I always thought I was very pragmatic in my life and my dreams. My dreams were always things that I was sure were not completely impossible, maybe I had to sweat a bit for them, but at the end – I was going to succeed in them. I never wanted to be an astronaut, a mathematician (which in my case is a lost cause) or a Nobel laureate (for the very same reason). I knew what my qualifications were, and I was enjoying them, dreaming about the days in which I will be able to pursue my modest desires.
As a child, I wanted to be a journalist. I had children’s interview dictaphone set and I was going around, interviewing all my relatives. Later, when I was realizing what journalism really is, Elena Yoncheva – a famous Bulgarian political reporter was my inspiration. I was fascinated by her bravery, as she was reporting from the most dangerous places in the world, writing history with her amazing interviews. I was imagining myself constantly traveling and meeting the most bizarre people, just like her. Telling the stories of the ones, that are unheard.
But soon my dream was discarded, as it intertwined with another one – my desire to study abroad. I found out that it is almost impossible to get my journalism education on the places I have chosen – not without knowing the local language.
Due to the created implications – I turned to my most beloved way to express myself – writing. I have been writing since I was twelve years old and my head was always full of stories, fictional characters and messages. I was creating my scenarios, short novels and articles. I always had an opinion to share, but not just verbally, it is even more beautiful in written text. You can always be a writer – no matter your educational background and experience, right?
Therefore, I picked a university and applied for the tourism and hospitality specialization with the naïve idea, that I will travel the world and write about my amazing journeys. A true Bilbo Baggins, writing “There and Back Again”.
But surprise, in this beautiful fantasy there is one piece missing – in tourism you work so other people can enjoy their travel, not the other way around.
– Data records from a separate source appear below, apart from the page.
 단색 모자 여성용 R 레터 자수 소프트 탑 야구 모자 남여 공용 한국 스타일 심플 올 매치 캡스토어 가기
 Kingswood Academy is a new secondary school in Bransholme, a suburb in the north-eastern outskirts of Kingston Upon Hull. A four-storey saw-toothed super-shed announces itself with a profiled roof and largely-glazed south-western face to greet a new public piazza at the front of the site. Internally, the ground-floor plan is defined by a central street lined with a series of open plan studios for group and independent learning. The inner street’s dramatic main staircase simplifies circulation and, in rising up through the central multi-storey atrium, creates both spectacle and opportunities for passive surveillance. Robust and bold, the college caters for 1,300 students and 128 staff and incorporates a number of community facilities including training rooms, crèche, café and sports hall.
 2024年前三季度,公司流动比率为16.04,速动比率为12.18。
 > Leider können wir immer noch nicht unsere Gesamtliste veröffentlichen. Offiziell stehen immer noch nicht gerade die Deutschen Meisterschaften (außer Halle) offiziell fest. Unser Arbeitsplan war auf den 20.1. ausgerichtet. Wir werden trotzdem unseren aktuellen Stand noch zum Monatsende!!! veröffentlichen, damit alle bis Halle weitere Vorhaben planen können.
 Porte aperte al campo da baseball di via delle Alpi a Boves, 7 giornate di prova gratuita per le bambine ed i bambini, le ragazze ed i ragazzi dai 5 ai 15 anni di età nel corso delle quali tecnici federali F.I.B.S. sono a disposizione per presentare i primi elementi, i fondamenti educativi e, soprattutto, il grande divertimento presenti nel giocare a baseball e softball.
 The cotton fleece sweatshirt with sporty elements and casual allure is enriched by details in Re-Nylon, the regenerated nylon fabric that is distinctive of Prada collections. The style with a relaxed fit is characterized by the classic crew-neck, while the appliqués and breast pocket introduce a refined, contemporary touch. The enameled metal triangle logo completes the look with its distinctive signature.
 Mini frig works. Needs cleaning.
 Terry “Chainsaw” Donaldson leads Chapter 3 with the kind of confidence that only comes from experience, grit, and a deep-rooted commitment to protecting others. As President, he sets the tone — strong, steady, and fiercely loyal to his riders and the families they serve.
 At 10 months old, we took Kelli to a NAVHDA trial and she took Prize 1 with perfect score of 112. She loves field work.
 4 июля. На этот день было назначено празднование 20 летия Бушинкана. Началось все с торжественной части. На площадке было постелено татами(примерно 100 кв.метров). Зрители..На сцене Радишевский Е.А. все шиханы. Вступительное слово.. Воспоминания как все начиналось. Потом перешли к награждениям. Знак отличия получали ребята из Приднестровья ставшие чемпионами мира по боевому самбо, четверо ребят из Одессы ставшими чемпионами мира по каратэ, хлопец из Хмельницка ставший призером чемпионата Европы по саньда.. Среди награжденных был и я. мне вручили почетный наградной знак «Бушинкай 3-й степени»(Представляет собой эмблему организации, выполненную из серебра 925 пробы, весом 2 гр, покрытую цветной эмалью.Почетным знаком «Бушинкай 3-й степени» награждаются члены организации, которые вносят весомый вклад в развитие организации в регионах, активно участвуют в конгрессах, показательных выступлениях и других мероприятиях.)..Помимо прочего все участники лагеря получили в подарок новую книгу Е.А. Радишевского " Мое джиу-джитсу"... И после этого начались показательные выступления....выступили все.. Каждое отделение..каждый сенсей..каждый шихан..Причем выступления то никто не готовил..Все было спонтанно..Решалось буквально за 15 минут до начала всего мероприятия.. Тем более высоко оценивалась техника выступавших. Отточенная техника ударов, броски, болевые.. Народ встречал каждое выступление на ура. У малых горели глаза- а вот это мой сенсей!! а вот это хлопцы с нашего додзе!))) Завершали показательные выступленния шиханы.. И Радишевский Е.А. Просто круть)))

Lost in my education, I never found the time to write. All the good ideas in my head were coming and going, but the time was never right. Lectures, parties, exams, preparations, internships, everything seemed to be in the way of my writing. The days were coming and going and with them passed also my passion. I feel like I have wasted a tremendous amount of my time trying to fit into the wrong role. To the point in which I forgot I was ever a writer. That I was ever myself.
So here I am, in my final semester, thinking how inadequate and unrealistic choices I have made my whole life. How naïvely was I seeing the world around me! I am crushed by my own, seemingly pragmatic dreams. In the end, I never wanted to be an actress, a model or a tv star. No, my life has thought me I need to be realistic.
But was I? In today’s life, it seems way easier than having a normal, creative and expressive job. Actually, it seems like all my ideas of what “real life” was and what is important were completely wrong.
Moreover, I never believed in existential crisis, because life is as easy as “Graduate and work on what you love.”. No doubt, no obstacles on the road. And here I am, in the deepest hole in my life. I realize this is not me, but it has been so long since I have been in my shoes, that I am not sure if they fit me anymore. Life is good at serving us irony.
I don’t want to give people an amazing experience in a seaside resort, I want to change their mentality, their life, their whole existence with the power of my words. Just like many authors have changed mine. So, what am I doing here?
My confusion goes deep beyond education and profession. There is something more beyond this. I have lost my meaning. My purpose. This is not all life has to offer.
I used to feel passion, a drive to create, to act and use my vivid imagination. Every project was making me feel happy and was inspiring my next one. I was lying in bed with hours before falling asleep, making up characters in my head and twisting their plots.
Now, I feel no passion, no love for what I do. I feel stress for the deadlines and annoyance of the listed tasks. Even in my sleepless nights, it seems as if I am drowning in a river of work and I am grasping for my last breath.
Losing my passion and losing myself seems to have stripped me of my strengths as well. How can you be proud of yourself, when there is no self to be proud of?
My realizations though have brought me more positives than negatives. This is a year in which I promise myself to be found. I promise myself to love. I promise passion. And I am sure I will find it. And every one of you, reading this and feeling lost – it is okay. It is okay to be lost, to feel empty and to be confused. And you are not the only one. Question your every insecurity, question your very beliefs. Sooner or later, questions lead to answers.